Des uppercuts de rêve me la relève pour apprendre à apprécier la réalité au dessus d'un nuage mais les coups de poing dans le ventre me recroqueville. Agenouillé, lorsque que tu te relève et que tu ose sur un touche d'espoir tenter un regard pour voir si les autres on des ailes blanches dans le dos, tu te rends compte que la triste Réa Lité te pointe du doigt et t'ordonne de remettre ta capuche. Tu te rend compte que vraiment ya que ta famille qui est en or. L'argent et le bronze ne t'intéresse alors tu cherche le rayonnement, même éphémère, d'une rencontre, d'un regard, d'un sourire. Si tu l'as déjà acquis expose toi y all life long sinon cherche et malheureusement certains s'arrêtent sur le bord de la route rencontrer des marchands de rêve pas comme moi ... ceux qui font effet. C'est pas la chute qui est importante c'est l'atterrissage.

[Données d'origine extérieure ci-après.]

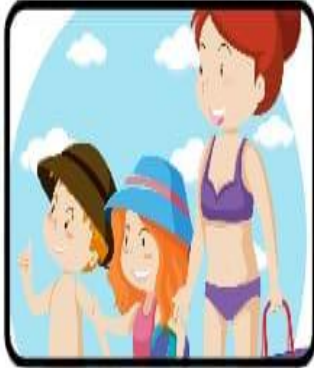
Aller à la plage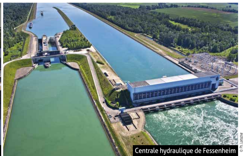
Centrale hydraulique de Fessenheim

Tu serres des mains, tu entoures des épaules, tu colles des poitrines. Appui toi parce que je suis seul parce qu'on est seul, même celui qui est à coté de toi voit pas la même chose, pas sous le même angle puisque il est à coté. Essaye de t'en servir pour au moins soigner ta sortie : « Sortir glorieux tout en exprimant sa haine »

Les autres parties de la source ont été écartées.